SPORTSBOOK REVIEW NEWSWIRES
WagerWeb (SBR rating C-) confiscation of $9578.60 determined to be theft.
1/6/2010 7:47:09 AM

On December 21, 2009, SBR provided an
update on this dispute. WagerWeb claimed that the player won a net of $9578.60 on correlated parlays, and that it had warned the player not to make this type of wager in the past. WagerWeb seized this money from the player's balance. SBR asked the sportsbook to, at minimum, provide proof that the player was warned, but was unable to.
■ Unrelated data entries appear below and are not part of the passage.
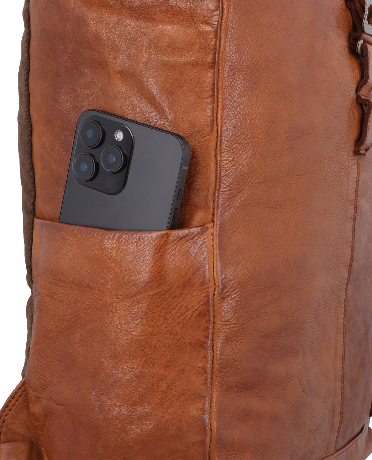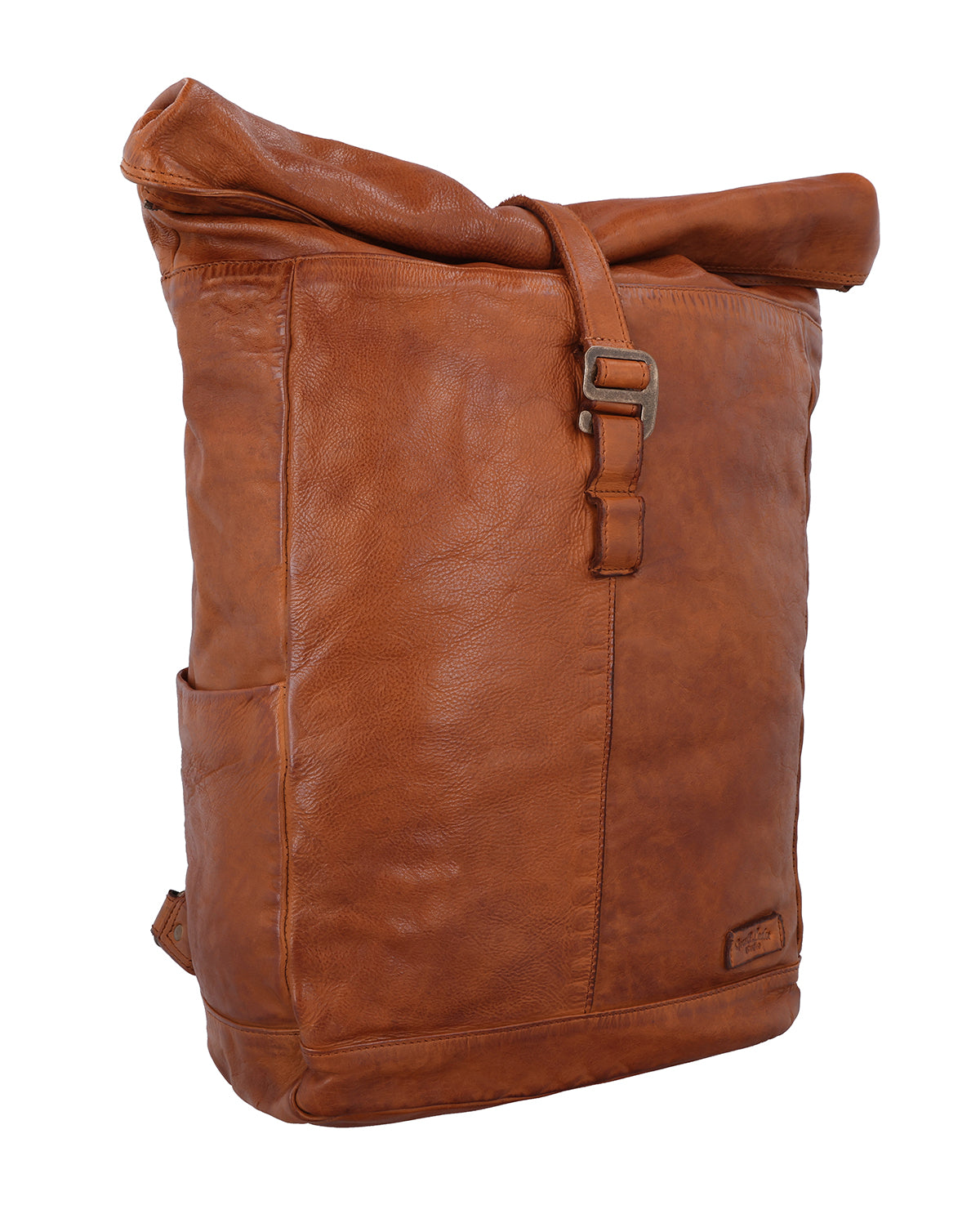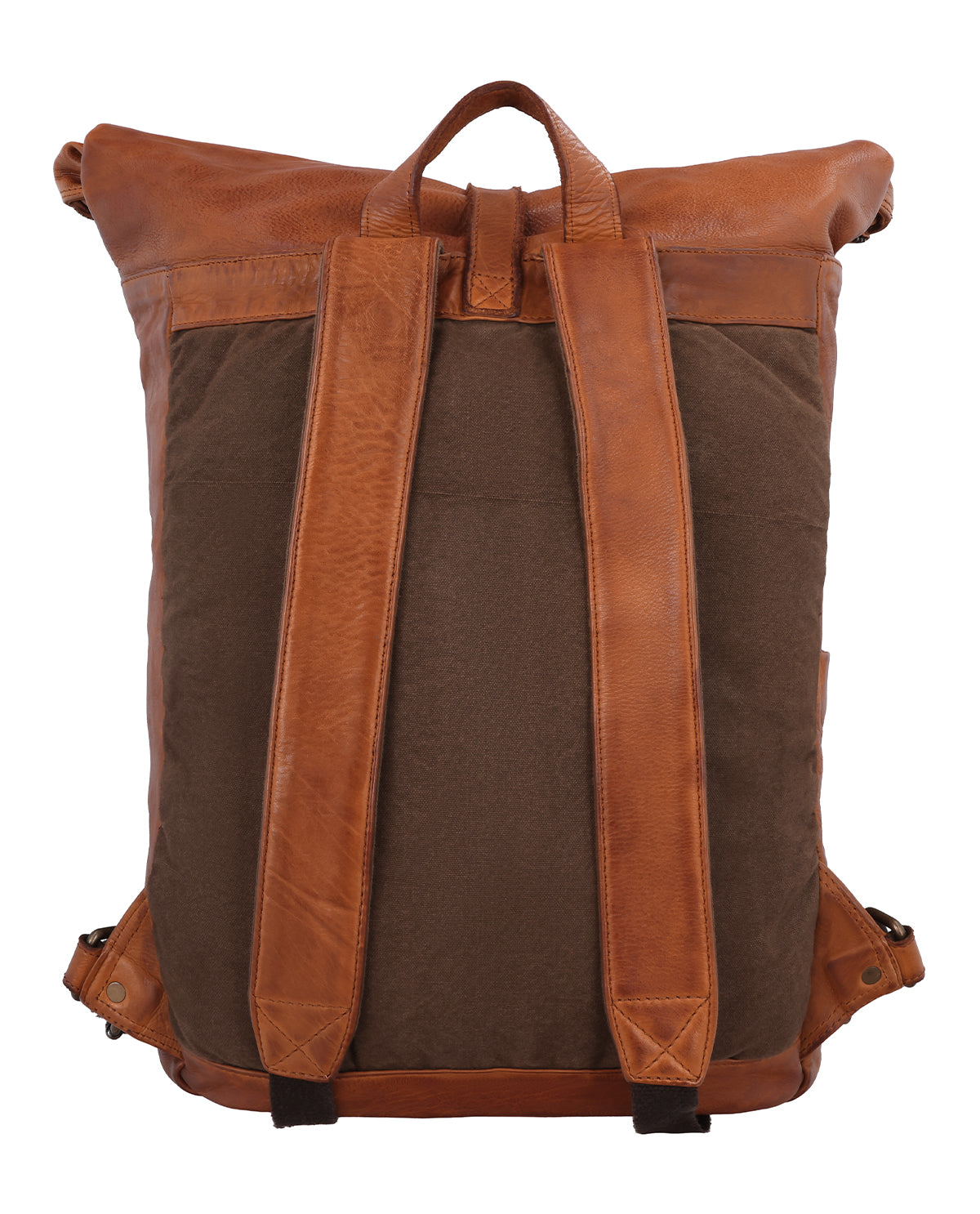 Our “Bendik” rolltop backpack is the perfect companion, no matter if you’re going to school, uni or work. He’ll win you over with his flexibility, comfort, and space. This sturdy, classic daypack made of brown leather stands out from the crowd with its trendy rolltop—a look that you just can’t ignore at the moment.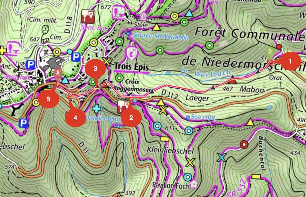 SENTIER : 6.1 LONGUEUR : 1672 m ZONE : 2 PLAN : P3 symbologie : Triangle Rouge DEBUT : Intersection route D11 (Epingle)FIN : Trois Epis MGEN RESPONSABILITE : Le Gal - Weber NOM SENTIER : Katzenthal - Trois Epis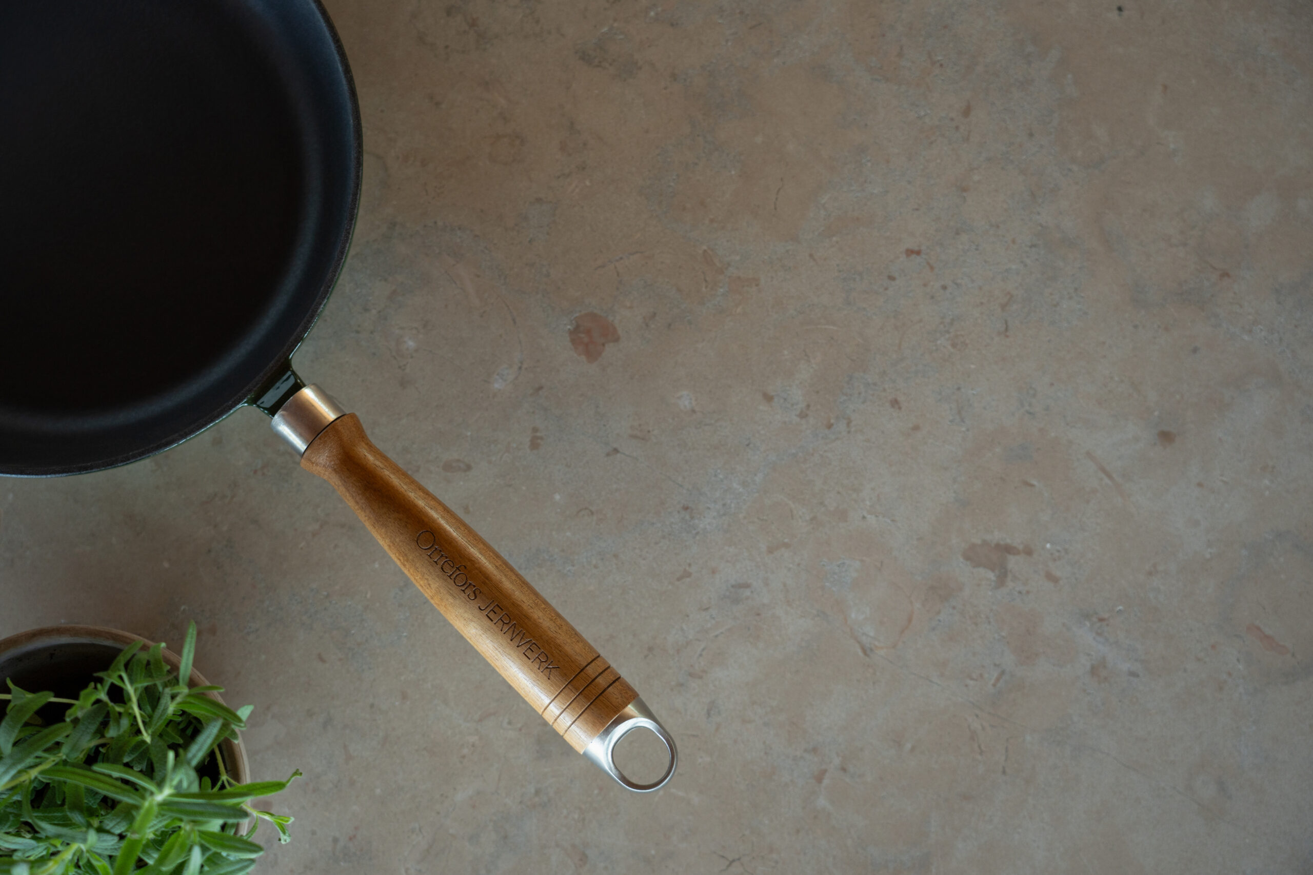 støbejernspande i køkkenet, og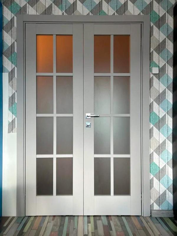 Межкомнатная остеклённая дверь рамочной конструкции с объёмной филёнкой.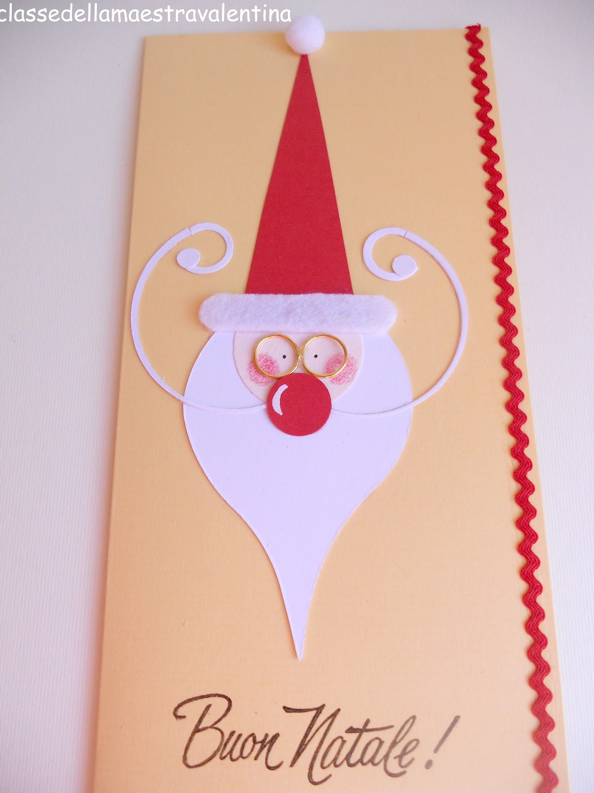 Piegate ogni pezzetto di nastrino. Biglietti il paese di babbo natale:Biglietto di natale per fare i migliori auguri di natale a tutti gli amici, conoscenti e parenti... La classe della maestra Valentina BABBO NATALE BAFFUTO Grazie per tutti i mi piace, preferiti, iscrizioni e.... . Un altro biglietto di natale con disegnato babbo natale.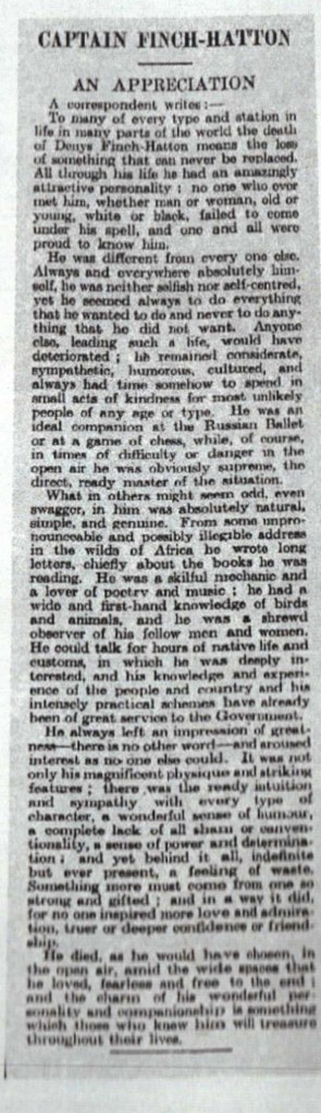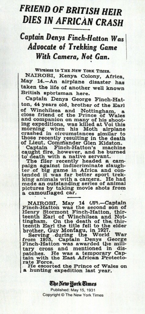 If really lions eventually got to Denys Finch-Hatton grave to wander, it seems to me they should have the previous possibility in mind… Anyway, I didn’t make the world, I just live in it…. Since Denys Finch-Hatton persona and person is sort of unavailable and reality is quite elusive, specially when it comes to these subjects, perhaps his obituary is the most adequate, or the best, image of who he was and it can be seen here ate the obituaries of the New York Times and The Times of London: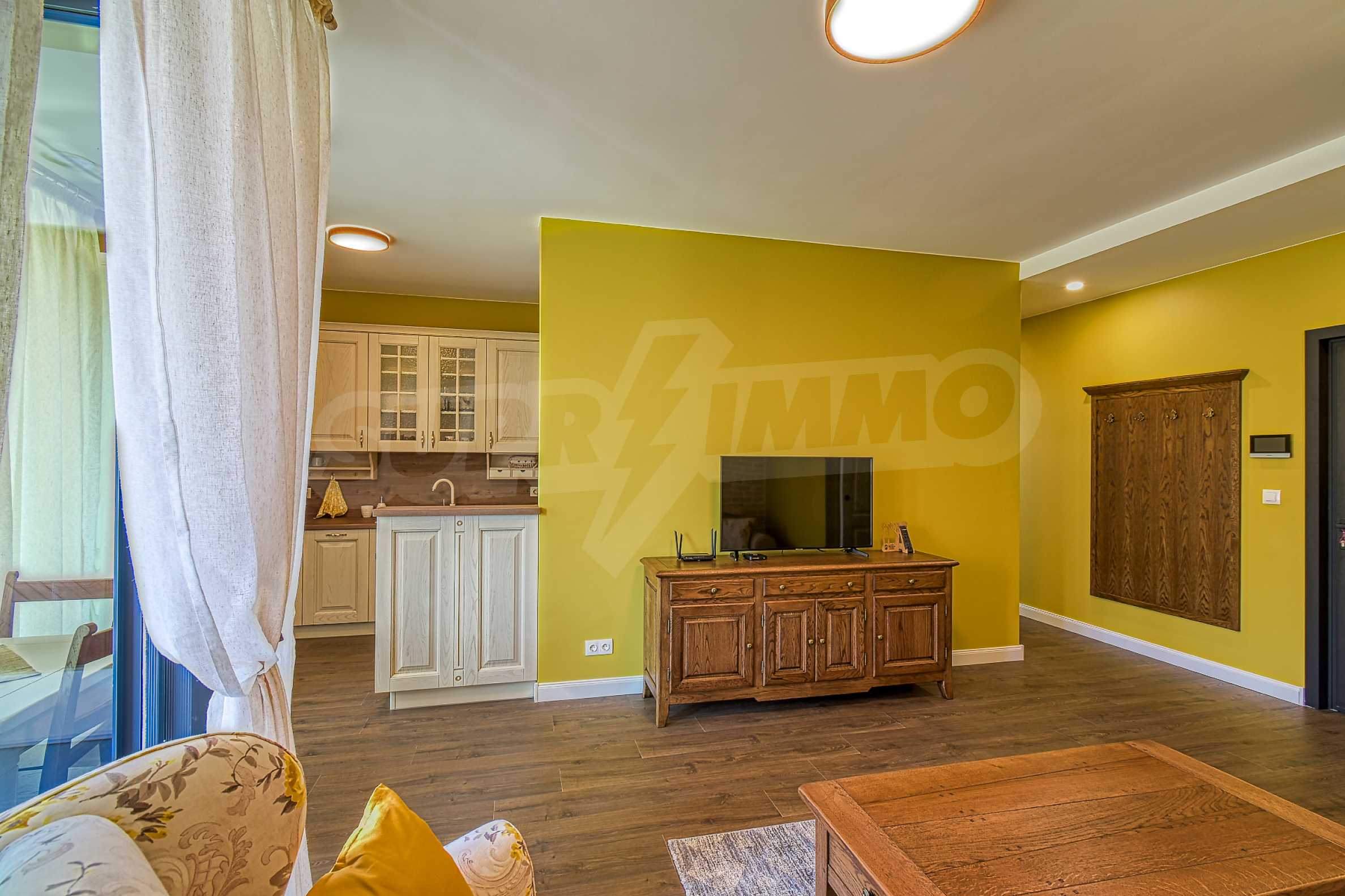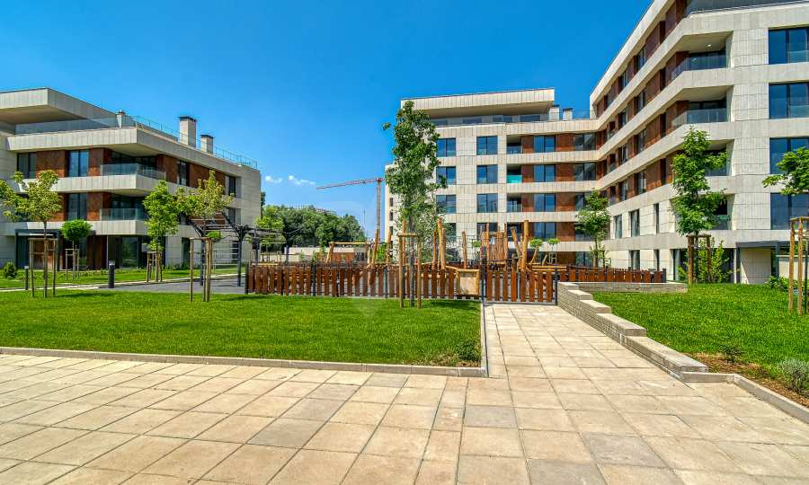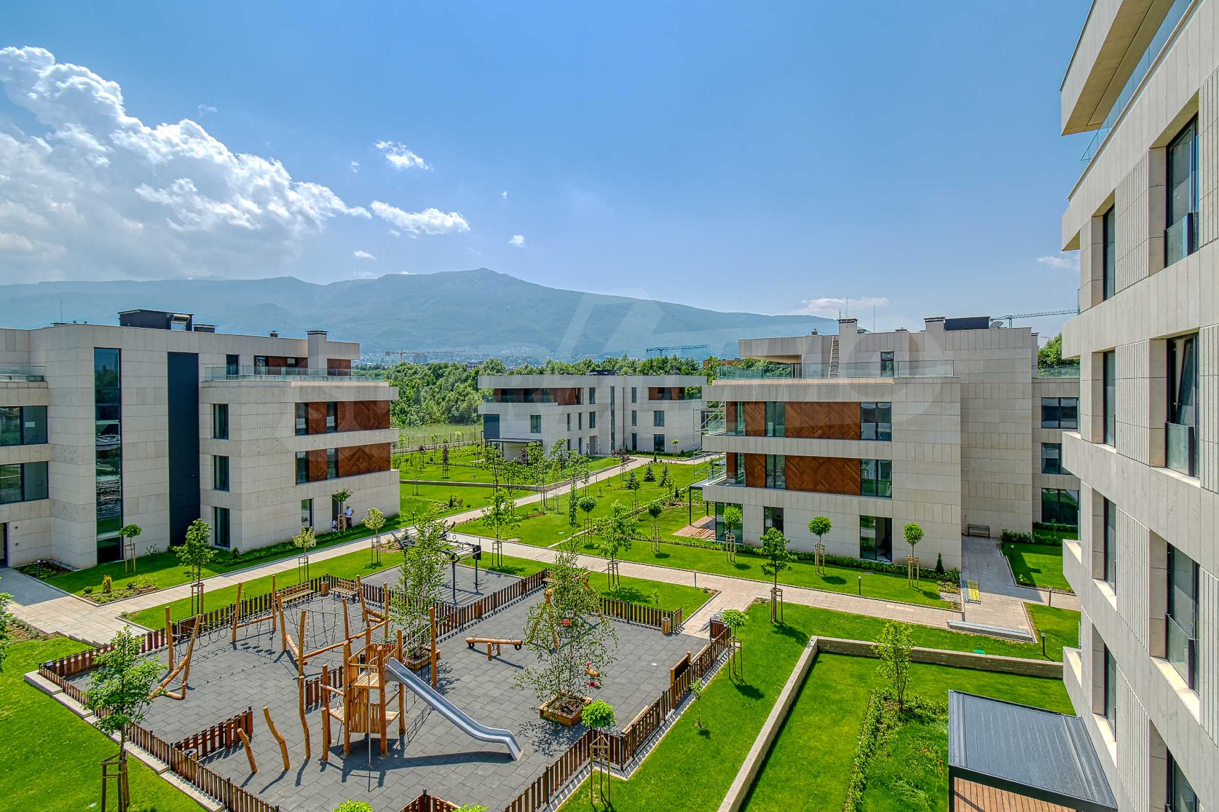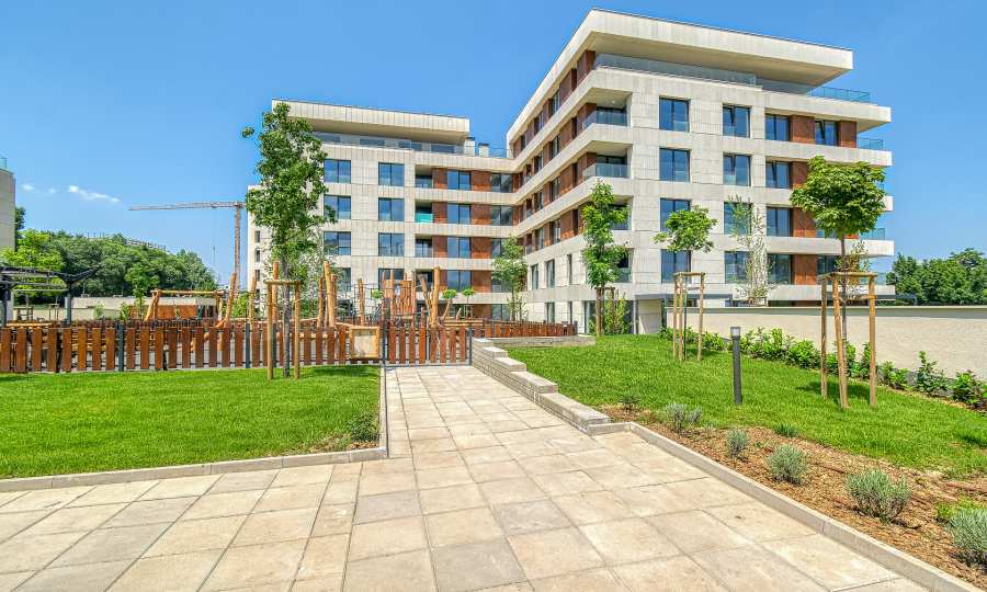 The complex itself is located on 13 decares, of which 10 decares are for landscaping. The common areas are richly landscaped, there is a children's playground and an outdoor gym. Car parking is completely underground. Residents' comfort is ensured by live security 24/7, as well as video surveillance and perimeter security.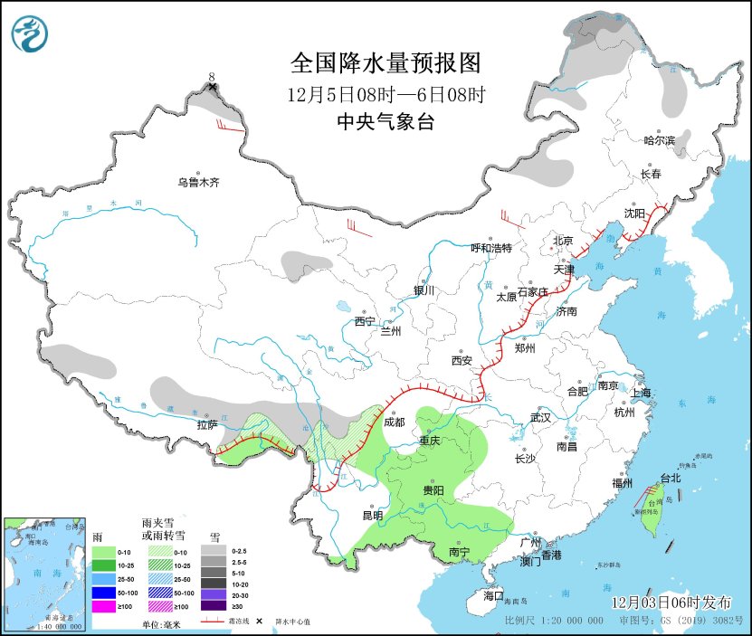 12月5日08時至6日08時,新疆北疆北部、內蒙古中東部、黑龍江西北部、西藏東部和北部、甘肅河西、川西高原等地部分地區(qū)有小雪或雨夾雪,其中,內蒙古東北部、黑龍江西北部、新疆北疆北部等地部分地區(qū)有中到大雪(5~8毫米)。西南地區(qū)東部、云南東部、廣西大部、臺灣島等地部分地區(qū)有小雨。新疆北部、內蒙古中西部等地部分地區(qū)有4~6級風。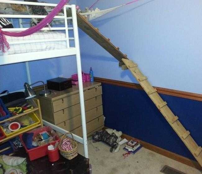 12 – “Minha filha estava dormindo no chão porque seu gato deficiente não conseguiu alcançar a cama. Eu deixei a cama dela acessível para gatos”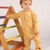 Entero monocromático confeccionado en algodón rústico. Su cartera delantera con botoncitos de coc}o facilita vestir y desvestir al bebé de manera rápida y sencilla. Tiene cuello redondo y prácticos broches en la entrepierna que permiten cambiar pañales con facilidad.

The player provided a wager log that shows he started betting on August 23rd, 2009. From August 23 to October 24th, 2009, the player put in numerous bets consisting of mostly correlated parlays. The player lost and made redeposits on September 26th, October 4th and October 17th, 2009. With each redeposit, WagerWeb reviewed his play and gave him deposit bonuses. At one point, the player was down $11,000 betting correlated parlays (which WagerWeb was allowing during the losing streak). The player did not move past even until October 24th, at which point he was showing a net win of $3752. Correlated parlays accounted for a net win of $4302.
If
WagerWeb had only confiscated $4302 (the player's net win from correlated parlays), it still would have been an unjust confiscation. Although WagerWeb's rule states that it does not accept correlated parlays, it had no problem
honoring them when this player (and other players) were losing for months. WagerWeb's software permits line managers to designate what games are eligible for same-game parlays - if WagerWeb did not want to accept correlated parlays, it could have set its software to disallow any bet type it did not want. WagerWeb's selective enforcement of this rule allows it to free-roll players as evident by at one-time beating this player out of $11,000. Any practice that allows a book to accept wagers the Sportsbook can win, but the player cannot is unfair and unethical.
In addition to confiscating $4302 from the player's net win in correlated parlays, it stole another $5276.60. When it was pointed out to WagerWeb that the player won only $4302 from correlated parlays, it made no attempt to justify the additional theft.